In the 1997 movie Contact, Dr Ellie Arroway, played by the excellent Jodie Foster, travels via a wormhole past Vega, showing a system with no planets but lots of debris. Hollywood might have gotten that completely right – it seems that Vega is not building any planets like other stars.
The star is one of the brightest in the Northern Hemisphere. It was for a time, and will be again, the North Star, once the pole has precessed away from Polaris. It is more than twice as massive as the Sun but it is a lot younger, around 500 million years old. It is so young, in fact, that it is still surrounded by a disk of material known as a protoplanetary disk. That’s where planets form. At least, usually.
It seems that Vega is not a planet-producing machine. Other protoplanetary disks feature dark bands where planets are forming. The fledgling planets act like a snowplow, sweeping dust and gas in their orbit. The Vega disk stretches for 160 billion kilometers (100 million miles) and it is as smooth as you can get, bar a possible gap far from the star.
“It’s a mysterious system because it’s unlike other circumstellar disks we’ve looked at,” Andras Gáspár of the University of Arizona, a member of the research team, said in a statement. “The Vega disk is smooth, ridiculously smooth.”
“It’s making us rethink the range and variety among exoplanet systems,” added lead author Kate Su, also from the University of Arizona.

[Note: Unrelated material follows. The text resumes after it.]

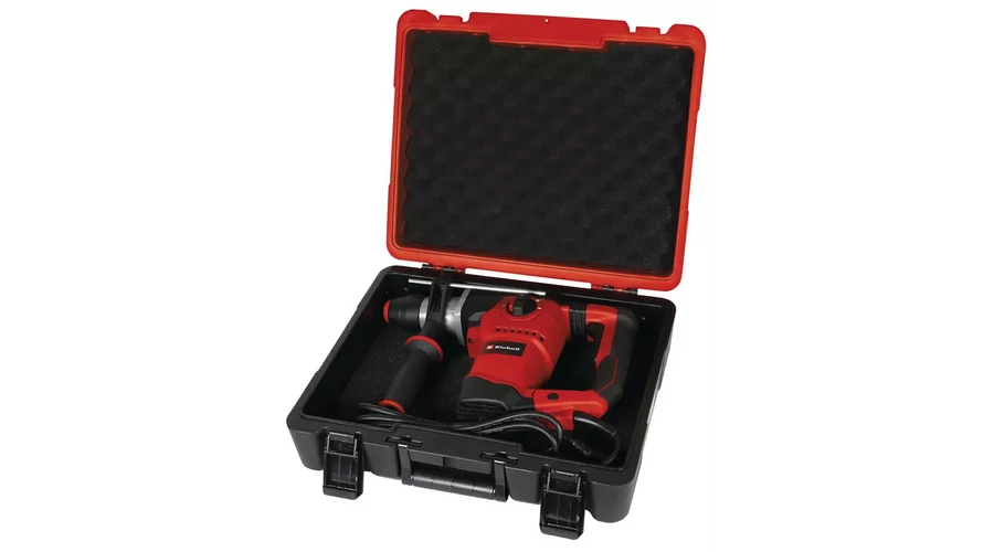 Az Einhell TE-RH 32-1600 4F fúrókalapács egy nagy teljesítményű készülék, melyet négy különböző funkciója tesz nélkülözhetetlen segítőtárssá: használja fúráshoz, kalapácsfúráshoz, valamint véséshez vésőrögzítéssel vagy rögzítés nélkül. A pneumatikus ütőszerkezet könnyedén megbirkózik a legkülönfélébb anyagokkal is. A bontási vagy felújítási munkák során még olyan kemény anyagokat is pillanatok alatt át tud vele fúrni, mint a beton és a kő. A nagy teljesítményről és a tökéletes végeredményről a fordulatszám-szabályozó elektronika, az 1600 W teljesítmény és a 4,5 J ütőenergia gondoskodik. A 3 méter hosszú kábelnek köszönhetően nagy sugarú körben dolgozhat a készülékkel. A fokozatmentesen állítható furatmélység-ütköző – a hajtóműhöz hasonlóan – keményfémből készült. A robusztus félautomata SDS-Plus tokmány gyors és egyszerű szerszámcserét tesz lehetővé. A Softgrip borítású, csökkentett rezgésszintű fogantyúval és bordázott pótfogantyúval felszerelt készülékkel még a nehéz feladatok elvégzése is gyerekjáték! Az Einhell TE-RH 32-1600 4F fúrókalapácsot praktikus szállító- és tárolókofferben vásárolhatja meg.

It took the combined power of Hubble and JWST to understand exactly how the material in this disk is distributed. The starlight from Vega has pushed away all the smoke-sized particles seen by Hubble further away, while JWST sees the dust grains as fine as sand, closer to the famous star.

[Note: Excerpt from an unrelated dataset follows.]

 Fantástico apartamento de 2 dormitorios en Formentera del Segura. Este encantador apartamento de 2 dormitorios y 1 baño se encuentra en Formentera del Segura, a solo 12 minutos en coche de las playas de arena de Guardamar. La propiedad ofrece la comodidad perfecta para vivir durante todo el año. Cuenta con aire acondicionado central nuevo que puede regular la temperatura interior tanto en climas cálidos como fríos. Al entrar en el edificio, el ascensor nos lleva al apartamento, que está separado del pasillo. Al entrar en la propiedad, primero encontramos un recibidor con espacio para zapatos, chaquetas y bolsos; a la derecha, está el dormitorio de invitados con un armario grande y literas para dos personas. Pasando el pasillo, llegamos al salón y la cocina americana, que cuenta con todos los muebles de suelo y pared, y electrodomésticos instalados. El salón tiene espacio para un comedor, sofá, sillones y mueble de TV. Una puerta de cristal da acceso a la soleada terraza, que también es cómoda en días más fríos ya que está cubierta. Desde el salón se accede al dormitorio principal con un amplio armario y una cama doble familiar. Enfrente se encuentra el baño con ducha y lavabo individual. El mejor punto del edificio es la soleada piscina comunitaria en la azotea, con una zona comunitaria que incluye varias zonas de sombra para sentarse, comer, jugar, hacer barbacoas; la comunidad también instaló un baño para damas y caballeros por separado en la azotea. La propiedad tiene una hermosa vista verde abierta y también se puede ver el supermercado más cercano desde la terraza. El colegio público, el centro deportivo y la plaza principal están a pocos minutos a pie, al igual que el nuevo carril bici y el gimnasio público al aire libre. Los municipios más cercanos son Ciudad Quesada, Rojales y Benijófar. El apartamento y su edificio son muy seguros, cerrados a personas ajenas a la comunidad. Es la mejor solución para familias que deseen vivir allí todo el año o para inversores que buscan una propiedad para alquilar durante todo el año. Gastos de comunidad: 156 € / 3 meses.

“Different types of physics will locate different-sized particles at different locations,” explained Schuyler Wolff of the University of Arizona team, lead author of the paper presenting the Hubble findings. “The fact that we’re seeing dust particle sizes sorted out can help us understand the underlying dynamics in circumstellar disks.”

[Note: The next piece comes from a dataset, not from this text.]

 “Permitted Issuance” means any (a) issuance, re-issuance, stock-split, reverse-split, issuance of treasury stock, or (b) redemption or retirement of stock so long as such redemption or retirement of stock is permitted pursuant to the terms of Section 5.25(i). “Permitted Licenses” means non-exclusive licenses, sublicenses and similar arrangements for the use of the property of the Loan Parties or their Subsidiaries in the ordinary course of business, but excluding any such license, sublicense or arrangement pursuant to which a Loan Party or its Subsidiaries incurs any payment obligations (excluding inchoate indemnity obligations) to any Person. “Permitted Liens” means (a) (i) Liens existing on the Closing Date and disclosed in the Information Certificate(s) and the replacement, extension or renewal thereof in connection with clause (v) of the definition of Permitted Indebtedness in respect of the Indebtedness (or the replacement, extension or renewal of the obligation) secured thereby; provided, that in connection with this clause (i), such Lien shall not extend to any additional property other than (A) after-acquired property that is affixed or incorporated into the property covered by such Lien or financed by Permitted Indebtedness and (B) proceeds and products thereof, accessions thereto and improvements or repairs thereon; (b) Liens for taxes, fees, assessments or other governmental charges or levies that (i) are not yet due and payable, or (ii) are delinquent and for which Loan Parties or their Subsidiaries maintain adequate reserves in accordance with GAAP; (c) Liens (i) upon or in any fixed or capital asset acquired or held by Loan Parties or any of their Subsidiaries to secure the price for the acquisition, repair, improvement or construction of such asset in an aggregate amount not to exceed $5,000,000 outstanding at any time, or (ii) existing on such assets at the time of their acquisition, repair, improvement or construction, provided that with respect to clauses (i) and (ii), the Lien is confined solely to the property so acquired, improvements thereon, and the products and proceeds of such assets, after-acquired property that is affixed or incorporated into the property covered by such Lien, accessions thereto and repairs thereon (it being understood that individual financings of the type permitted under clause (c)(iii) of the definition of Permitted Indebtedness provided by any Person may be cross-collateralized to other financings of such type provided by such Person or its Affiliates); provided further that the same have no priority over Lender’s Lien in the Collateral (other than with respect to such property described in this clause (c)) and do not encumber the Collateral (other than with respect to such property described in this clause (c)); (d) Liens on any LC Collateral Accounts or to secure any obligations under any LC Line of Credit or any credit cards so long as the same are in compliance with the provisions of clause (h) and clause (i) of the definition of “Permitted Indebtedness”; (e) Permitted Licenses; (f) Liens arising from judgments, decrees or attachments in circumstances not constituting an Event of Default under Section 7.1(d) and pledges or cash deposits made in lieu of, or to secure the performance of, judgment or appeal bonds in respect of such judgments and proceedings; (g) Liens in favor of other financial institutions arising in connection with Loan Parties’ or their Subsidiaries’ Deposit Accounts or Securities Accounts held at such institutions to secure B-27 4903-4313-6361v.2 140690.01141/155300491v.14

There is a subtle signal at 60 astronomical units from the star – that’s about twice as far as Neptune is from the Sun. It is likely a gap, potentially indicating one singular baby planet. If it is the case, we are witnessing a peculiar system with no planets forming anywhere close to the star.
“We’re seeing in detail how much variety there is among circumstellar disks, and how that variety is tied into the underlying planetary systems. We’re finding a lot out about the planetary systems – even when we can’t see what might be hidden planets,” added Su. “There’s still a lot of unknowns in the planet-formation process, and I think these new observations of Vega are going to help constrain models of planet formation.”
The disk is particularly striking when compared to another star called Fomalhaut. It’s at the same age, temperature, and distance (25 light-years) as Vega, but JWST has shown the hallmarks of planet-building around Fomalhaut. Why is Vega different? This remains a major open question that will require further studies.
Two papers describing the results will be published in The Astrophysical Journal, and are available here and here.